Phase stability behavior of (Ti,Al,Si)N multi-principal nitrides regulated by the Si content: Thermodynamics and first principles calculations

Abstract

The cubic (B1) (rock salt-type) Ti(1−x)AlxN system is one of the most important protective coatings in industry due to properties such as hardness and thermal stability. Moreover, different alloying elements have been studied to increase its working temperature. Silicon has been demonstrated as an interesting option, since it can improve the oxidation resistance and stabilize the system in the hexagonal (B4 wurtzite-type) phase. Different experimental studies have been developed to understand the role of Si in the conformation of Ti(1−x-y)AlxSiyN pseudo-ternary coatings. However, some results seem to be contradictory. Here, we used ab initio and CALPHAD calculations to understand the Si incorporation effects on the phase stability and the critical Si composition. We found that the maximum mixing enthalpy for B1 falls on the TiN-AlN side of the ternary diagram and continues until almost equimolar composition.

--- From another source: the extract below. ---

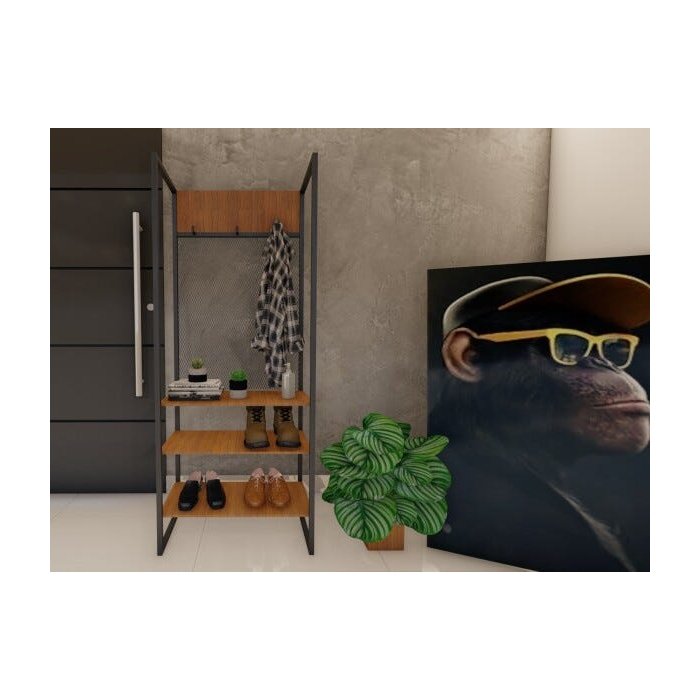 Sapateira de Madeira e Ferro Estilo Industrial - Tendenci - Crater - Cumaru

The B1-B4 phase transition point shifted significantly from x(AlN) = 0.71 without Si to x(AlN) = 0.21 with x(SiN) = 0.4. The critical composition of x(SIN) = 0.06 was found, where the miscibility gap region increased, demonstrating unfavorable results if going higher in Si content.The ab-initio calculations showed that the inclusion of silicon reduced the mechanical properties of the B1 phase, but at the critical threshold of 10 at% of silicon content, the mechanical properties did not significantly diminished. Calculated diagrams at equilibrium conditions mapped out the phase evolution to determine the phase transition paths and phase dependence on common coating deposition parameters. These results could serve as a reference for the experimental obtaining of improved hard coatings based on the (Ti,Al,Si)N multi-principal nitride.